Try various settings for decision tree training. You'll need to achieve an accuracy score of at least 0.86 on the test set.

Spoiler alert: You can do better if you dare to!

Write the code in Practicum's JupyterHub as was explained in the previous lesson. The path to the data file is /datasets/train_data_us.csv. Or you can download the dataset and try to train the model locally on your machine (not recommended). Then upload the trained model here and test it.

In [4]:
import pandas as pd
import sklearn
import joblib

# import decision tree from the sklearn library
from sklearn.tree import DecisionTreeClassifier

# import from the library
from joblib import dump

# train model (like before)
try:
    df = pd.read_csv('https://code.s3.yandex.net/datasets/train_data_us.csv')
except:
    df = pd.read_csv('C:/Users/hotty/Desktop/Practicum by Yandex/5. Introduction to Machine Learning/train_data_us.csv')
print('Data has been read correctly!')

df.loc[df['last_price'] > 113000, 'price_class'] = 1
df.loc[df['last_price'] <= 113000, 'price_class'] = 0

# store features in seperate variables
features = df.drop(['last_price', 'price_class'], axis=1)
target = df['price_class']

# create an empty model and assign it to a variable
# train a model by calling the fit() method
model = DecisionTreeClassifier(random_state=12345, max_depth=5)
model.fit(features, target)

# save model 
# first argument is model 
# second argument is path to file 
joblib.dump(model, 'model.joblib')

Data has been read correctly!


['model.joblib']

# Test Dataset

In [5]:
test_df = pd.read_csv('https://code.s3.yandex.net/datasets/test_data_us.csv')

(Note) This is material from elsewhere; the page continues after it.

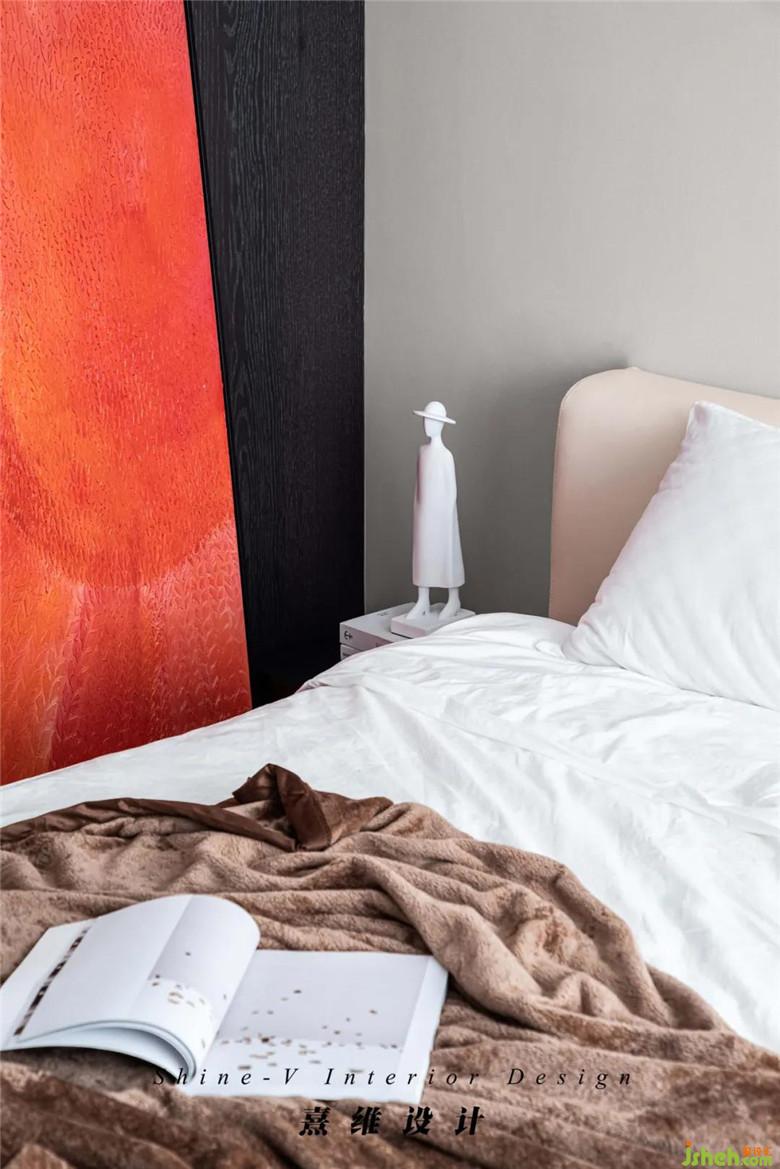▲一幅橙紅的裝飾畫是靜謐木色中的絕對主角,從無聲的映畫中跳脫出來,開啟熱情一瞬。

test_df.loc[test_df['last_price'] > 113000, 'price_class'] = 1
test_df.loc[test_df['last_price'] <= 113000, 'price_class'] = 0

test_features = test_df.drop(['last_price', 'price_class'], axis=1)
test_target = test_df['price_class']
test_predictions = model.predict(test_features)

def error_count(answers, predictions):
    count = 0
    for i in range(len(answers)):
        if answers[i] != predictions[i]:
            count += 1
    return count

# determine accuracy
def accuracy(answers, predictions):
    correct = 0
    for i in range(len(answers)):
        if answers[i] == predictions[i]:
            correct += 1
    return correct / len(answers)

print('Accuracy:', accuracy(test_target, test_predictions))

Accuracy: 0.8904320987654321


You can open and run the model using the `load` function. The review code in the training platform will do it for you.

In [6]:
#import joblib

# the argument is a path to the file 
# the return value is the model 
model = joblib.load('model.joblib')

# ...
# testing the model
# ...